Я понизила голос. В двух рядах от нас занималась Линда Ларсон — особа с телом девятнадцатилетней старлетки и слухом матерого разведчика.
— Мой муж Питер хочет ребенка.
— О господи!
Саманта встряхнула густыми, блестящими волосами, поправила ободок и еще больше выгнулась в позе голубя.

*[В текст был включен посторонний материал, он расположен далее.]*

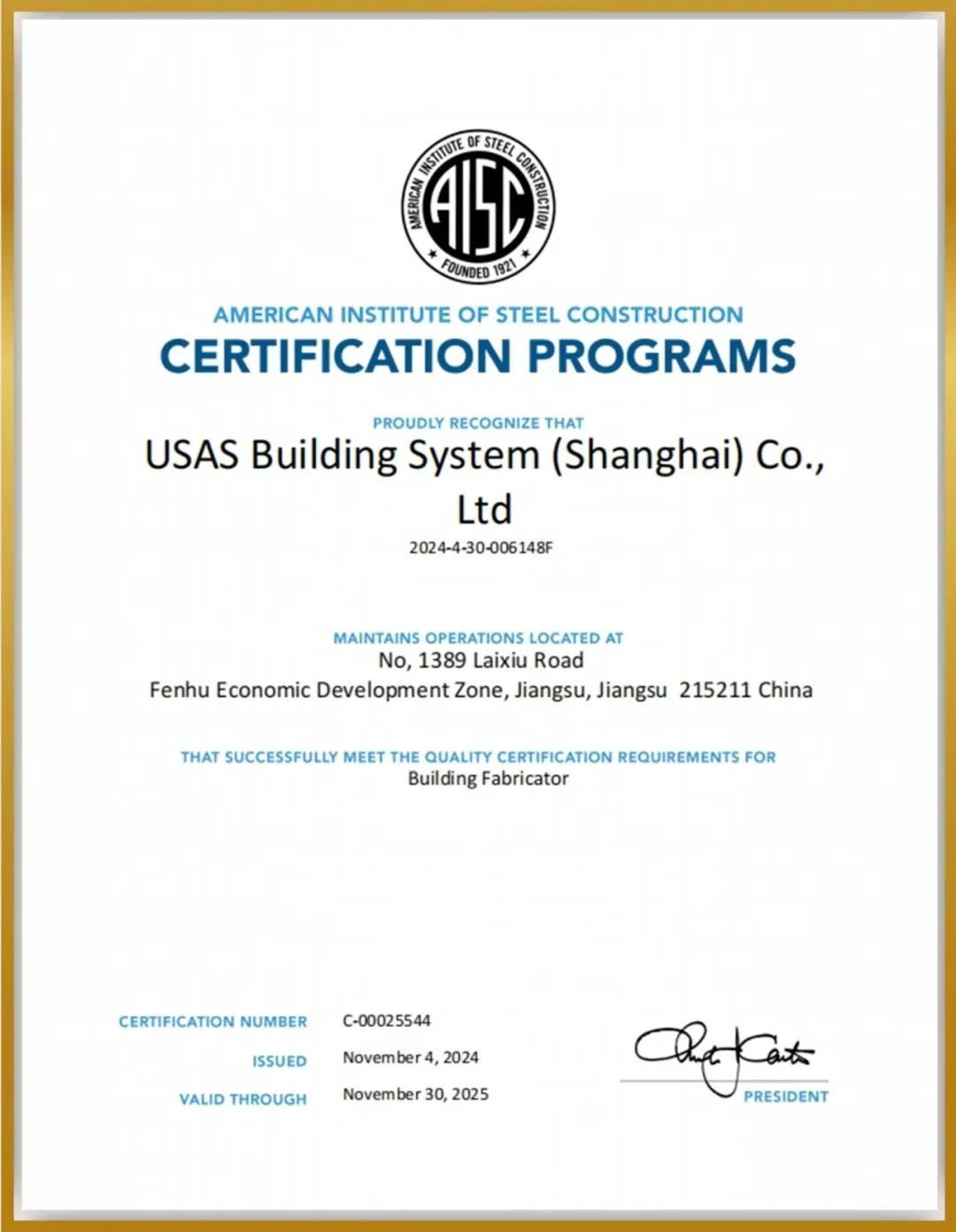 据了解,AISC是美国钢结构协会(American Institute of Steel Constrction)的简称,是一家非营利性质的技术协会和贸易组织机构,成立于1921年,总部位于美国芝加哥。AISC是世界上最权威的认证标准之一,取得AISC认证对于国内企业打破技术壁垒、开拓国际市场具有重要意义。
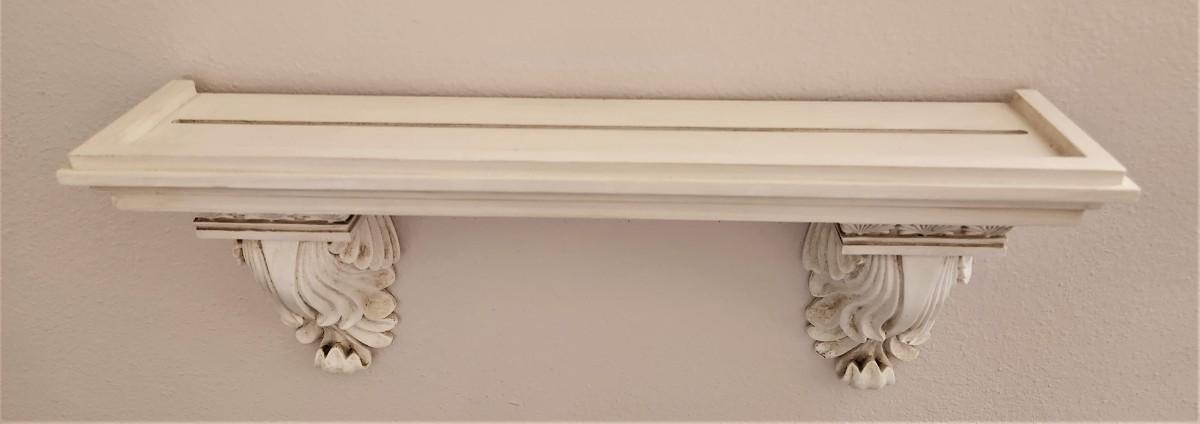 Matched pair of decorator wall shelves - each has a plate rail (as shown in photo). 22" across, 4.25" deep - good condition.
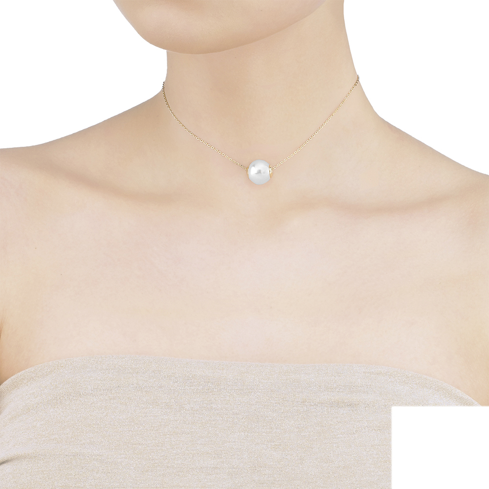 Золотое колье с подвеской из органического жемчуга Majorica Basic
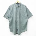 XL★古着 半袖 シャツ メンズ 90年代 90s 大きいサイズ ロング丈 コットン ボタンダウン 緑系他
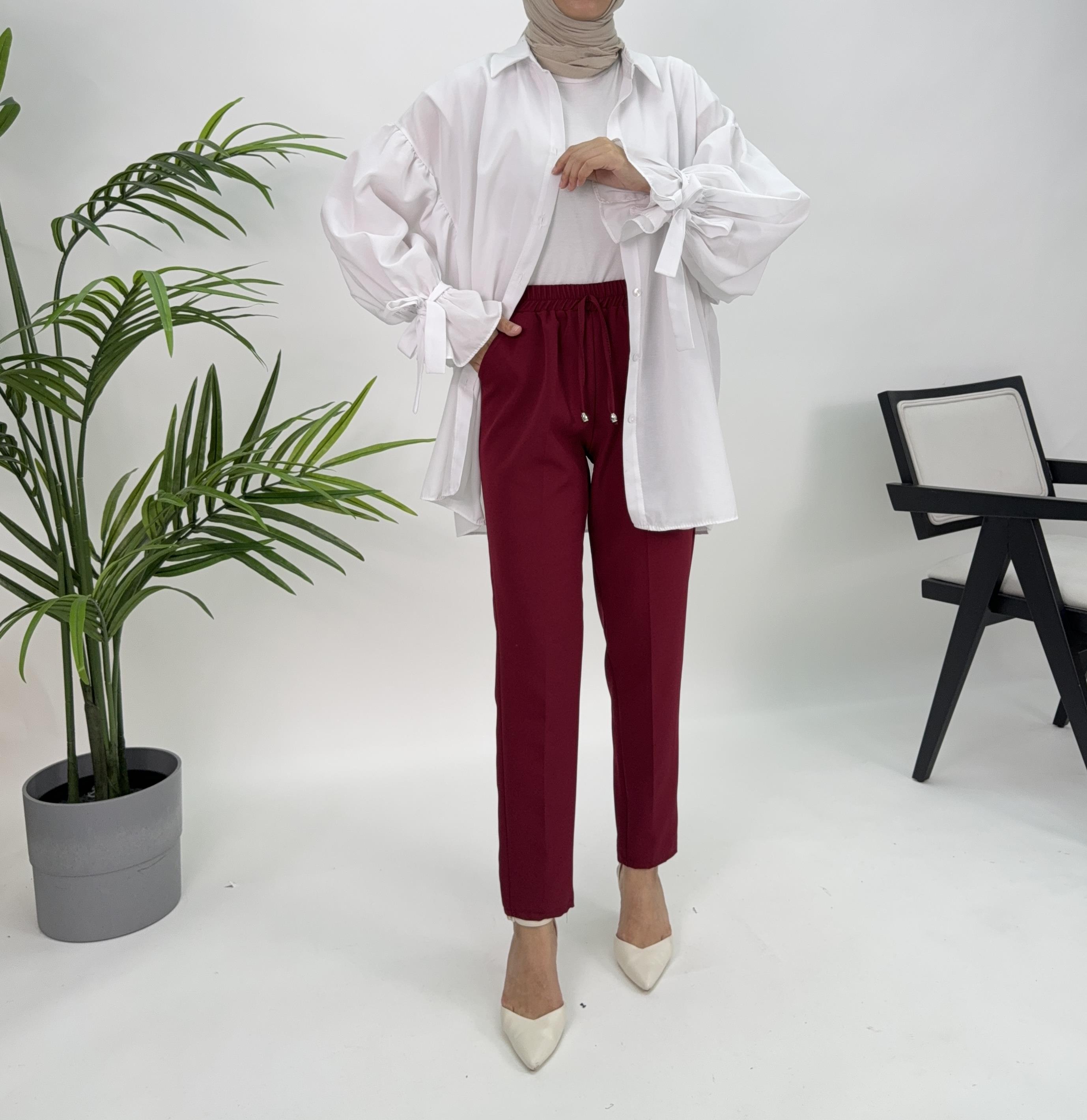 01631 G96+BELİ LASTİKLİ DABIL KUMAŞ HAVUÇ KESİM PANTOLON BORDO (001631)

Я же оставила всякие попытки и повалилась на пол. Тем временем Сэм встала в позу собаки лицом вниз и быстрым движением перекатилась в позу березки. Был вторник, шесть вечера, мы занимались «йогой для тех, кому за сорок» в центре «Дитя йоги» на Южной улице. Я записала нас в сентябре, наивно ожидая увидеть полный зал сутулых старушек с ходунками, остеопорозом и жалобами на приливы. Как же я ошибалась! Наша группа состоит из восьми стройных, крепких девиц в черных трико для йоги. Ни одна из них, включая Сэм и Линду, не выглядит старше тридцати пяти. Я же в безразмерных синих трениках и футболке «Академия Филадельфии» выгляжу на все свои сорок два. Сколько я ни стараюсь угнаться за одногруппницами — ничего не выходит.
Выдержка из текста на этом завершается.